Your copy should contain exactly the lines from the one that holds "Set of 2 - Mimosa" through the end of the material, reproduced as written, with no pictures.
:: GIVEN MATERIAL
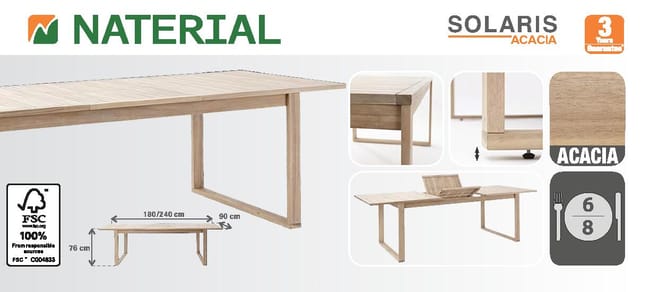 Seja o primeiro a avaliar “Mesa de madeira NATERIAL SOLARIS BUTTERFLY 180/240X90CM”
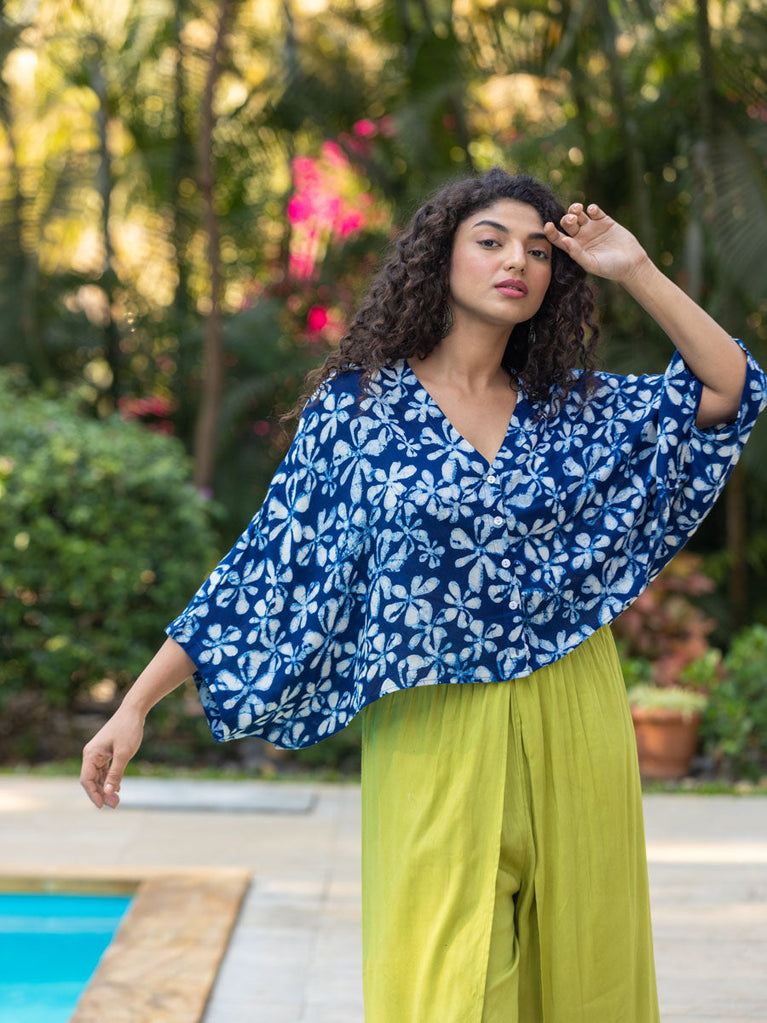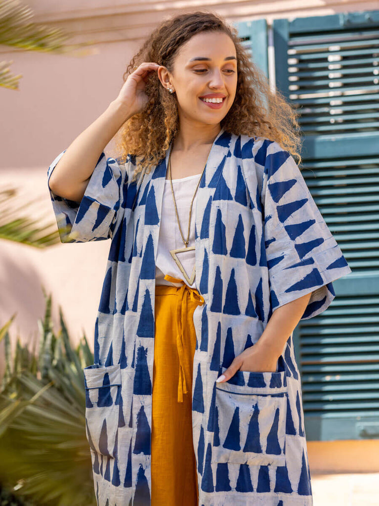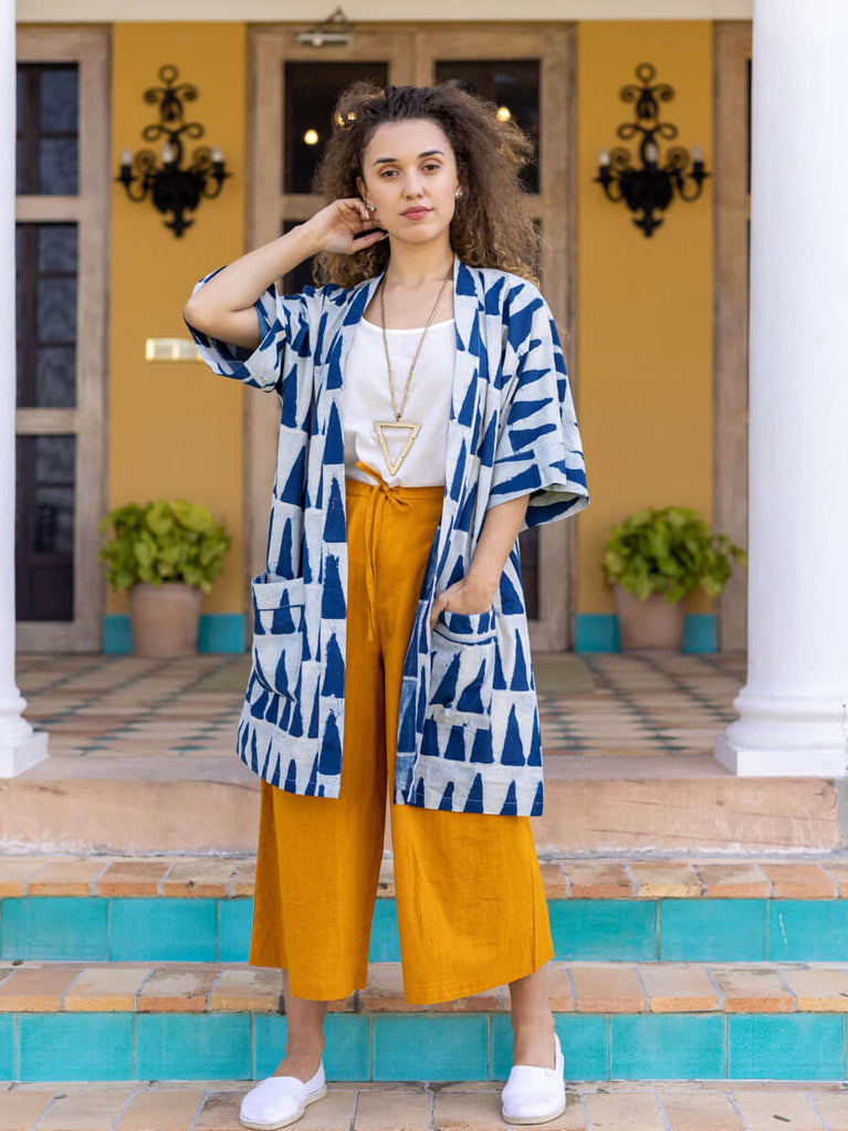 Set of 2 - Mimosa Indigo Dabu Kimono Jacket and Palazzo Pants
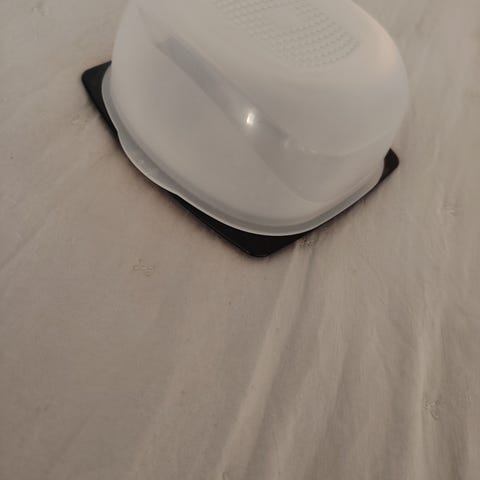 Hyväkuntoiset Tupperwaren jäädykevuoka ja juustokupu.
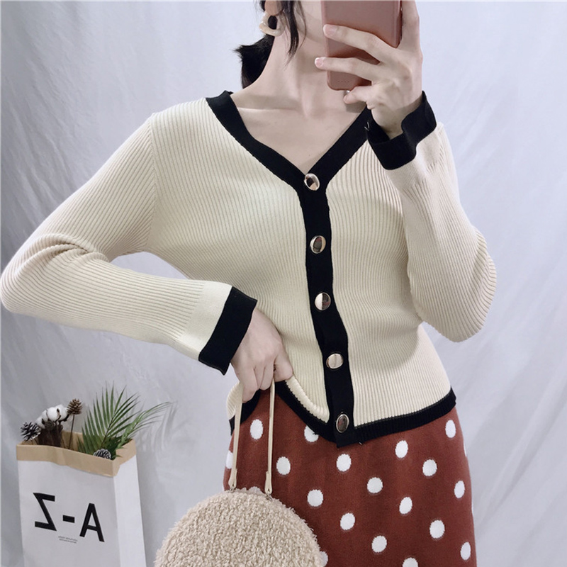 / 毛衣女秋冬裝2018新款港味時尚拼色短款上衣外套寬松休閑針織開衫
::::
- _REPLY TO THE TASK_:
 Set of 2 - Mimosa Indigo Dabu Kimono Jacket and Palazzo Pants
 Hyväkuntoiset Tupperwaren jäädykevuoka ja juustokupu.
 / 毛衣女秋冬裝2018新款港味時尚拼色短款上衣外套寬松休閑針織開衫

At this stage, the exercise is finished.